Saved data entries:
/---

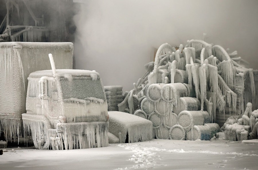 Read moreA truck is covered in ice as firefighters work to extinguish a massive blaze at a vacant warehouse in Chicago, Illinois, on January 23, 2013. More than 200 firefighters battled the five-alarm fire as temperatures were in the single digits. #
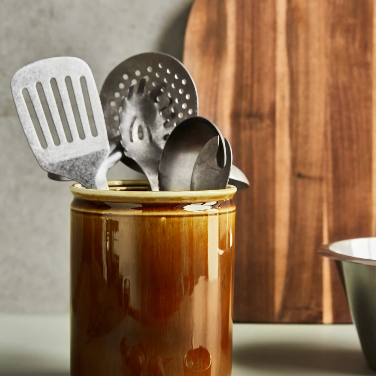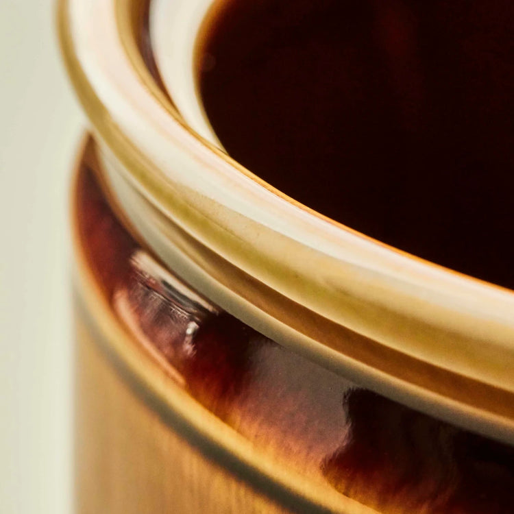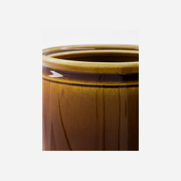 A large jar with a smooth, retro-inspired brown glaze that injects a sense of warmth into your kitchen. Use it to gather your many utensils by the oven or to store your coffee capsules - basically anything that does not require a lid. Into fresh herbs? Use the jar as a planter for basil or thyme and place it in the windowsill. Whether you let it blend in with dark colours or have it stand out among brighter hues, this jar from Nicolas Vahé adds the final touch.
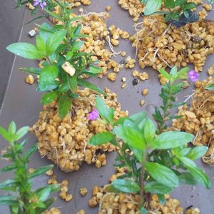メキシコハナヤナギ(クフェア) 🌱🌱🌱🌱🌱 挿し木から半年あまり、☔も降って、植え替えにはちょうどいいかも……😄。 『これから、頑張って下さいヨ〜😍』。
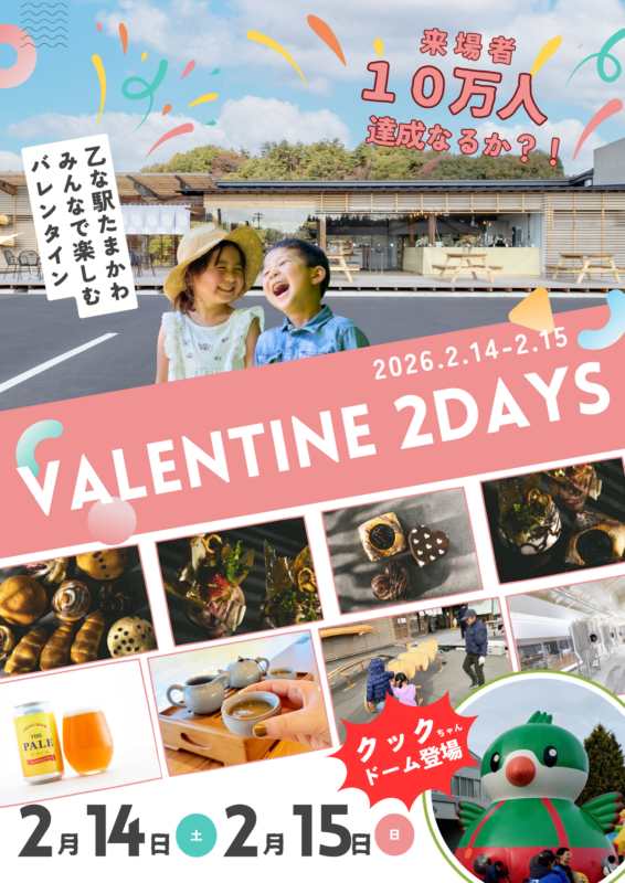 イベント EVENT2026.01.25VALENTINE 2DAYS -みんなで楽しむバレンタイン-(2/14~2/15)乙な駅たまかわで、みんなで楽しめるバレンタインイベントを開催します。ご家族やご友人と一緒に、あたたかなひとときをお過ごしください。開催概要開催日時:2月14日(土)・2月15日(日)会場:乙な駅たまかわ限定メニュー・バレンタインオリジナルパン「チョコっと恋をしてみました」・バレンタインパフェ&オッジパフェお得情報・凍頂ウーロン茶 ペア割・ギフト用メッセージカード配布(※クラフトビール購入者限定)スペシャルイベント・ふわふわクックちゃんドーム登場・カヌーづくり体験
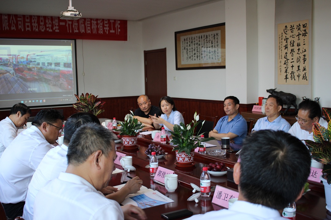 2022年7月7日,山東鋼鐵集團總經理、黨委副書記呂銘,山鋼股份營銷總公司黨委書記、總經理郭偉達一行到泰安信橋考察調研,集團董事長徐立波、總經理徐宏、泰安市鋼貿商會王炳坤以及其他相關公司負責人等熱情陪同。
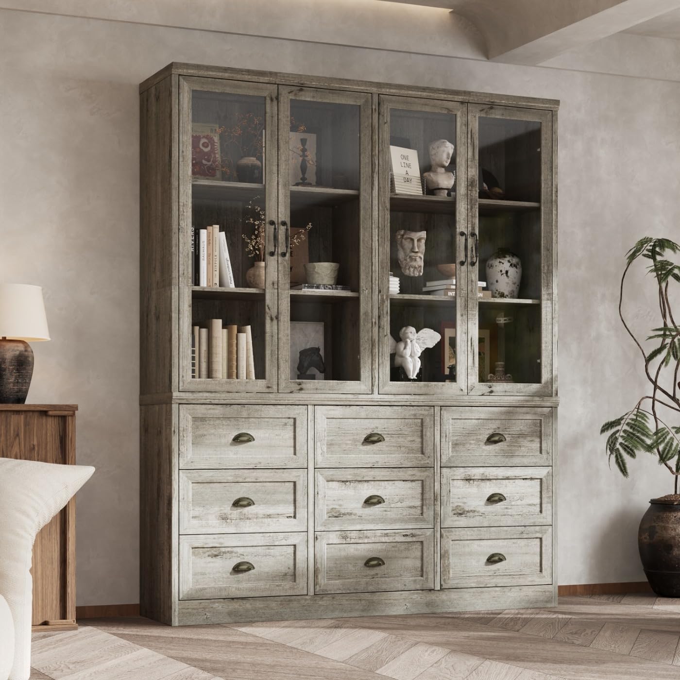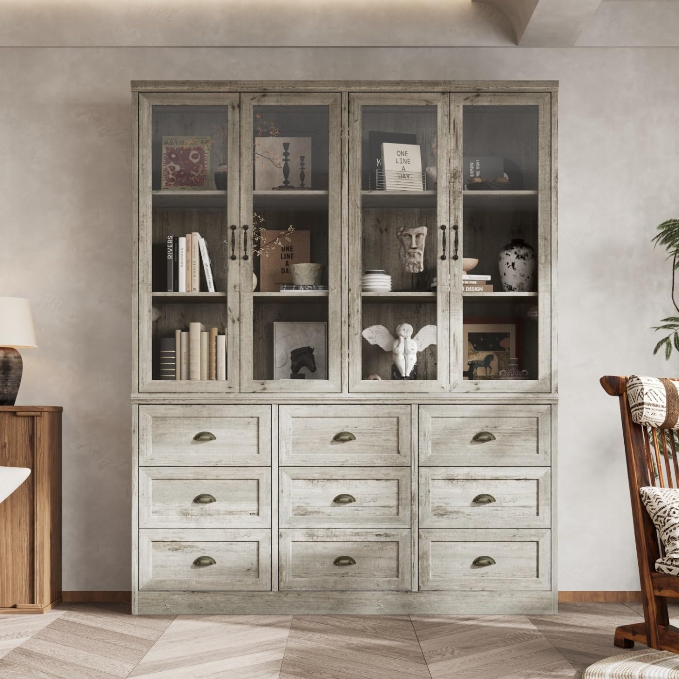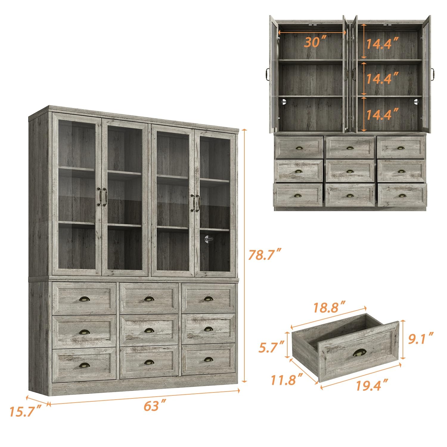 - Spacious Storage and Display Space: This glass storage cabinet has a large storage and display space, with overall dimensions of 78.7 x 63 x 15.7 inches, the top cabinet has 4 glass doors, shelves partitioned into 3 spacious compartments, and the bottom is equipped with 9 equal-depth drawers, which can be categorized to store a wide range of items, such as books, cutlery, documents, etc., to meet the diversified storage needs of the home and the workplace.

\---

◆ **Your task**
The expected output is each record, copied exactly, and nothing in place of the pictures.

◆ **Problem solution**
 Read moreA truck is covered in ice as firefighters work to extinguish a massive blaze at a vacant warehouse in Chicago, Illinois, on January 23, 2013. More than 200 firefighters battled the five-alarm fire as temperatures were in the single digits. #
 A large jar with a smooth, retro-inspired brown glaze that injects a sense of warmth into your kitchen. Use it to gather your many utensils by the oven or to store your coffee capsules - basically anything that does not require a lid. Into fresh herbs? Use the jar as a planter for basil or thyme and place it in the windowsill. Whether you let it blend in with dark colours or have it stand out among brighter hues, this jar from Nicolas Vahé adds the final touch.
メキシコハナヤナギ(クフェア) 🌱🌱🌱🌱🌱 挿し木から半年あまり、☔も降って、植え替えにはちょうどいいかも……😄。 『これから、頑張って下さいヨ〜😍』。
 イベント EVENT2026.01.25VALENTINE 2DAYS -みんなで楽しむバレンタイン-(2/14~2/15)乙な駅たまかわで、みんなで楽しめるバレンタインイベントを開催します。ご家族やご友人と一緒に、あたたかなひとときをお過ごしください。開催概要開催日時:2月14日(土)・2月15日(日)会場:乙な駅たまかわ限定メニュー・バレンタインオリジナルパン「チョコっと恋をしてみました」・バレンタインパフェ&オッジパフェお得情報・凍頂ウーロン茶 ペア割・ギフト用メッセージカード配布(※クラフトビール購入者限定)スペシャルイベント・ふわふわクックちゃんドーム登場・カヌーづくり体験
 2022年7月7日,山東鋼鐵集團總經理、黨委副書記呂銘,山鋼股份營銷總公司黨委書記、總經理郭偉達一行到泰安信橋考察調研,集團董事長徐立波、總經理徐宏、泰安市鋼貿商會王炳坤以及其他相關公司負責人等熱情陪同。
 - Spacious Storage and Display Space: This glass storage cabinet has a large storage and display space, with overall dimensions of 78.7 x 63 x 15.7 inches, the top cabinet has 4 glass doors, shelves partitioned into 3 spacious compartments, and the bottom is equipped with 9 equal-depth drawers, which can be categorized to store a wide range of items, such as books, cutlery, documents, etc., to meet the diversified storage needs of the home and the workplace.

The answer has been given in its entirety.